Last week’s British Medical Journal draws attention to the growing literature confirming that the intensive care unit (ICU) is a perilous environment for frail older people. A position piece written by an intensivist, a geriatrician, a professor of critical care, and a “patient and public representative,” argues there is a mismatch between the supply and demand for intensive care and that increased public awareness of what admission to the ICU does—and does not—mean for patients and their families is the key to addressing the problem.
Leaving aside whether the proposed solution, public education, has the slightest chance of working, I decided to have a look at the research papers on which the position piece was based. The first article, from Scotland and published in Critical Care Medicine, deals with “Health-Related Quality of Life After ICU.” The results, in a nutshell, are that what determined how well people did after discharge from the ICU in terms of both mental and physical functioning was affected far more by how well they functioned before they got sick than how sick they were when hospitalized.
The second article, based on patients in 311 ICUs in 21 European countries published in Intensive Care Medicine, found that among people over age 80, the greater the degree of frailty, the higher the 30-day mortality. In patients who, prior to admission, were not frail the 30-day survival was 76 percent; in the “pre-frail” group it was 71 percent, but in the frail group, it was 59 percent.

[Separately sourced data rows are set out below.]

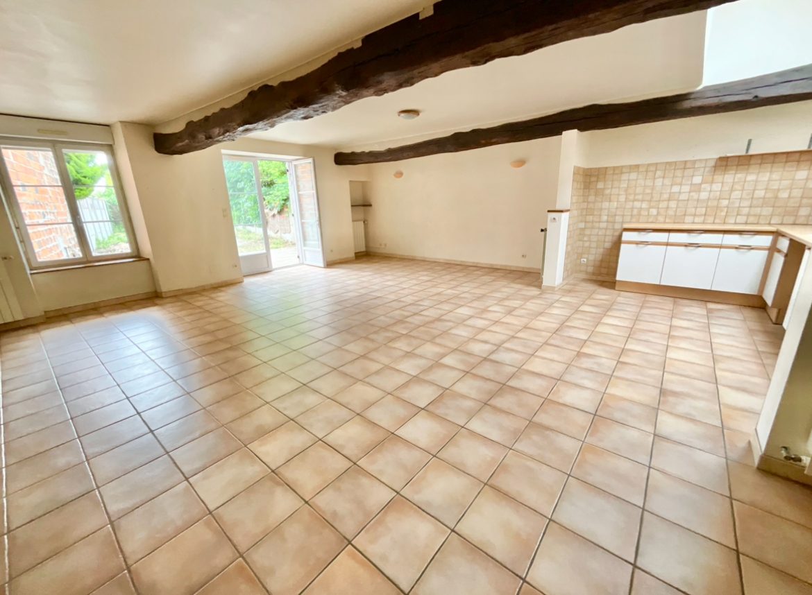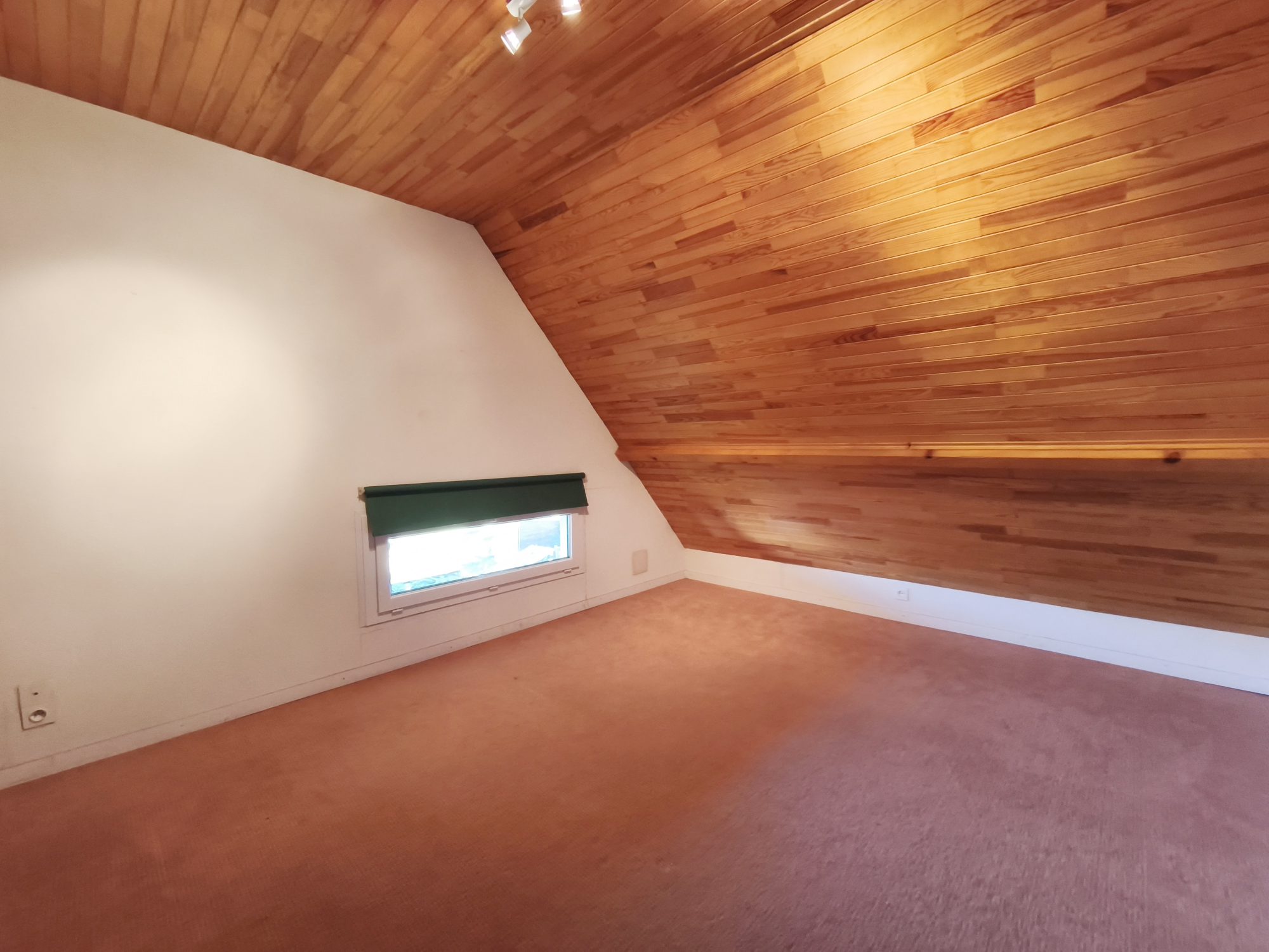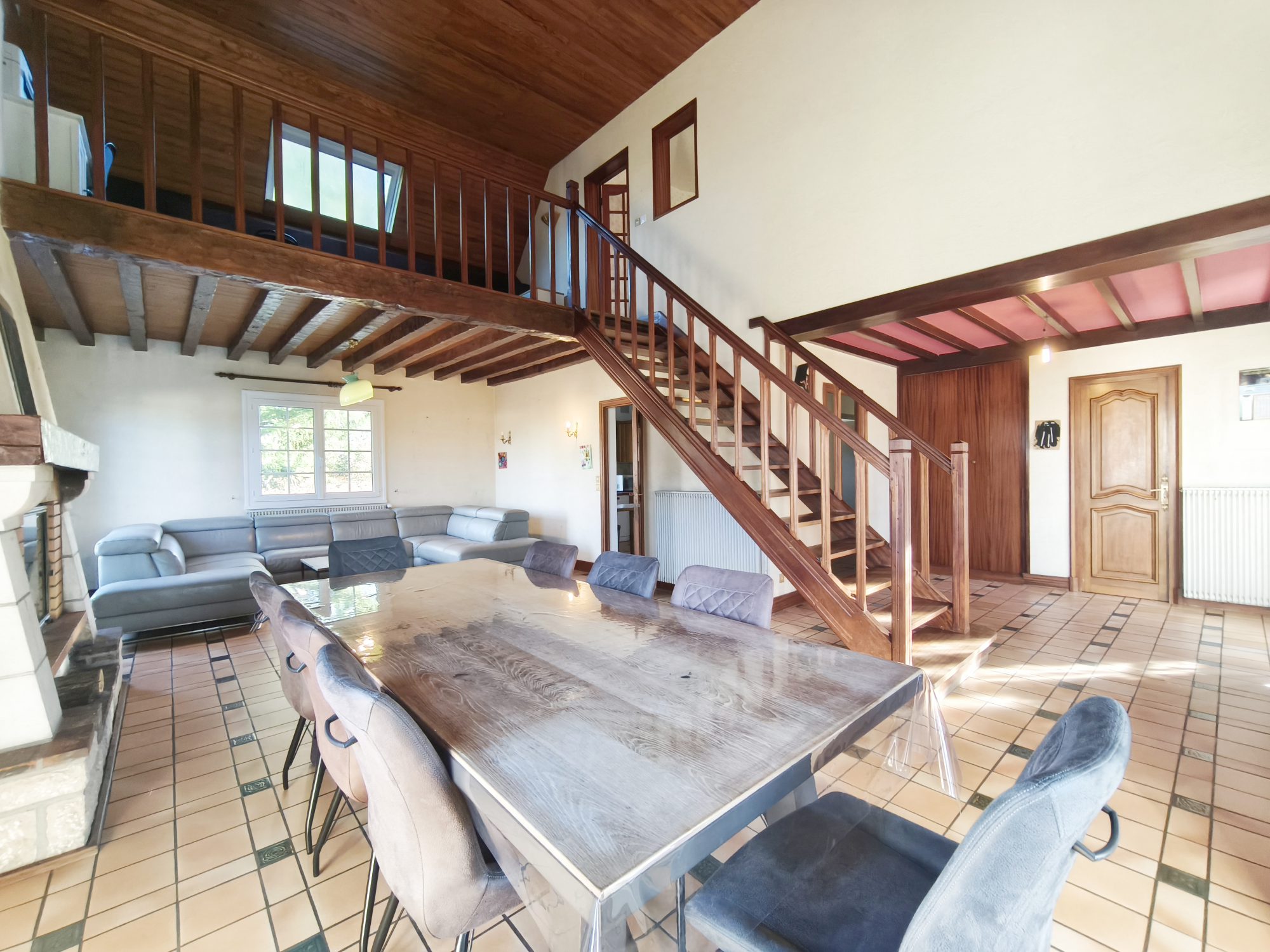 Un entrée avec placard, une pièce de vie cathédrale avec une cheminée, une cuisine séparée aménagée/équipée, un dégagement avec placards, deux grandes chambres avec placard, une salle d’eau et un wc séparé.
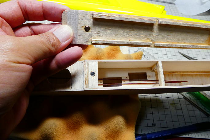![]() ハッチにはネオジウム磁石をロック用に使います。 少し彫り込んでからネオジウム磁石を瞬間接着剤で接着 します。 ![]() 胴体とハッチの両方に接着しました。 パチンと気持ち良く閉まります。 |
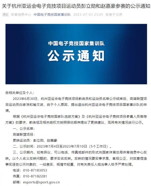 按照《杭州亚运会电子竞技国家队选拔计划》和《杭州亚运会电子竞技参赛选手推荐计划》的要求,教练组和相关版权方按照成绩先后提出了替换建议,现将有关情况予以公告。
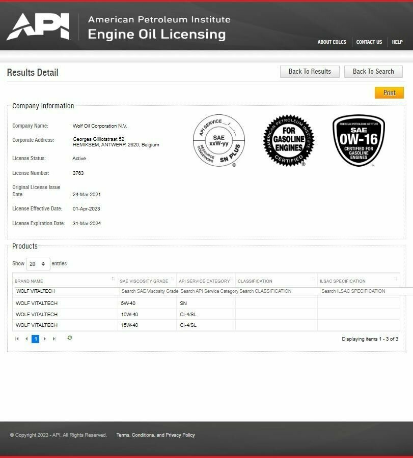 WOLF OIL 8312090 Масло моторное синтетическое VITALTECH 5W40 API SN/CF ACEA A3/B4 205л
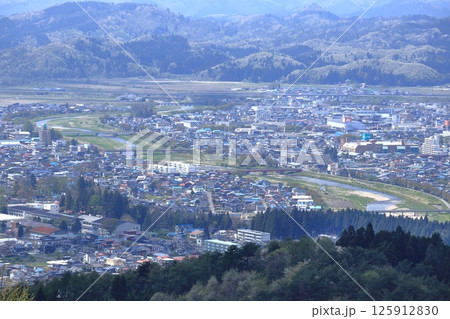 笠岡諸島最大の島・北木島 秋葉山の山上から見た初夏の大浦地区の風景1 岡山県笠岡市
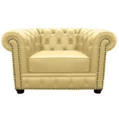 Poltrona Chesterfield com Pés Madeira Couro Bege - Gran Belo
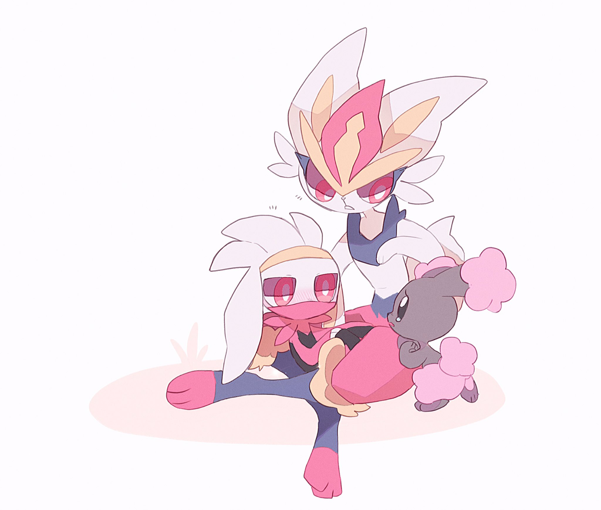 1girl 2boys alternate_color animal_ears animal_hands black_eyes body_fur bright_pupils brown_fur buneary cinderace full_body furry furry_female gen_4_pokemon gen_8_pokemon highres looking_at_another masayo_(skip) multiple_boys nintendo pink_fur pokemon pokemon_(creature) rabbit_ears rabbit_girl rabbit_tail raboot red_eyes red_hair shiny_pokemon simple_background sitting tail white_background white_fur white_pupils
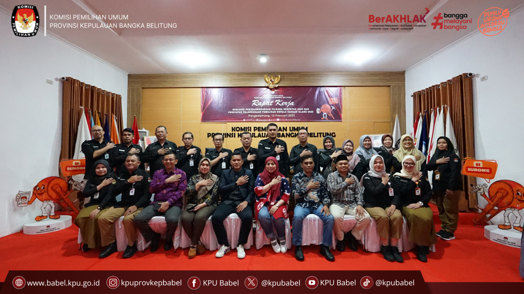 #SeperadikPemilih Komisi Pemilihan Umum Provinsi Kepulauan Bangka Belitung menggelar Rapat Kerja Evaluasi Penyelenggaraan Pilkada Serentak Tahun 2024 dan Persiapan Pemilihan Kepala Daerah Ulang Tahun 2025. Kegiatan ini dihadiri oleh anggota KPU RI Betty Epsilon Idroos serta jajaran KPU Provinsi dan KPU Kabupaten/Kota di Kepulauan Bangka Belitung.

The importance of these studies is not so much the numbers they report—although I thought that a 30-day survival rate of 59 percent in frail octogenarians was not bad—as their emphasis on physical functioning. We in the U.S. continue to pay little attention to frailty. The Europeans, evidently, do pay attention to frailty. In part, the reason for the difference is that Europeans actually assess frailty while Americans, to a large extent, do not. We are still fighting over how best to measure and record it. The final takeaway from these articles is that the specific scale the Europeans use is so easy to use that the researchers did not have to teach physicians, patients, or families how to use it: it’s self-explanatory.
Forget about American exceptionalism. Let’s adopt the tool in use in the much of the rest of the developed world.